Implementing Linear-Complexity Attention Mechanism in PyTorch
===

In [11]:
import math
import matplotlib.pyplot as plt
import seaborn as sns

import torch
%matplotlib inline

## Compute Query, Key and Value Matrices


$\text{Input: }\ X\in \mathbb{R}^{N\times d}$

$\text{Projection Matrices:}$  
 * $W_q\in \mathbb{R}^{d\times d_q}$  
 * $W_k\in \mathbb{R}^{d\times d_k}$  
 * $W_v\in \mathbb{R}^{d\times d_v}$

$\text{Q, K, V Projection:}$

$$Q = XW_q$$
$$K = XW_k$$
$$V = XW_v$$


In [1]:
# define parameters
N = 1000
d = 256  # aka d_model
dk = dq = dv = d  # for simplicity

## Original Scaled Dot-product Attention $\mathcal{O}(N^2)$



$$\text{Attention}(Q,K,V)=\text{Softmax}\left(\frac{QK^\top}{\sqrt{d_k}}\right)V$$



## Method 1: Efficient-Attention $\mathcal{O}(N)$

Ref.: ["Efficient Attention: Attention with Linear Complexities"](https://arxiv.org/abs/1812.01243)

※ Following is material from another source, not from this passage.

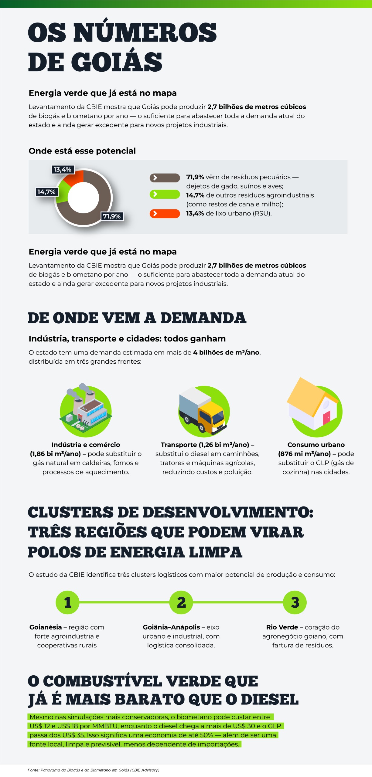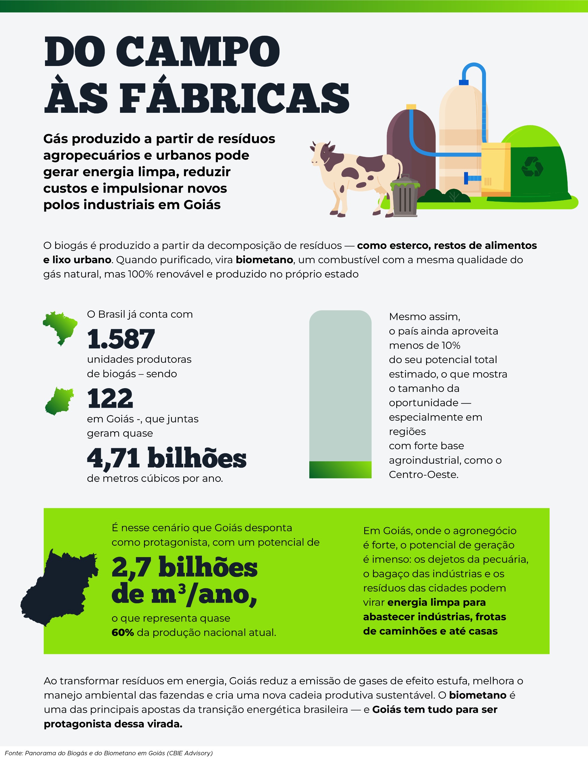 (Foto: Freepik)Levantamento divulgado pela CBIE Advisory - consultoria especializada em inteligência estratégica e regulatória para os setores de energia e saneamento básico - mostra que o Estado pode produzir 2,7 bilhões de metros cúbicos de biogás e biometano por ano, quantidade suficiente para abastecer toda a demanda atual goiana e ainda gerar excedente para novos projetos industriais.

$$\hat{A}(Q, K, V)=\sigma_\text{row}(Q) \left(\sigma_\text{col} (K)^\top V\right)$$



## Method 2: Linear Attention using Kernels

Ref.: ["Transformers are RNNs: Fast Autoregressive Transformers with Linear Attention"](https://arxiv.org/abs/2006.16236)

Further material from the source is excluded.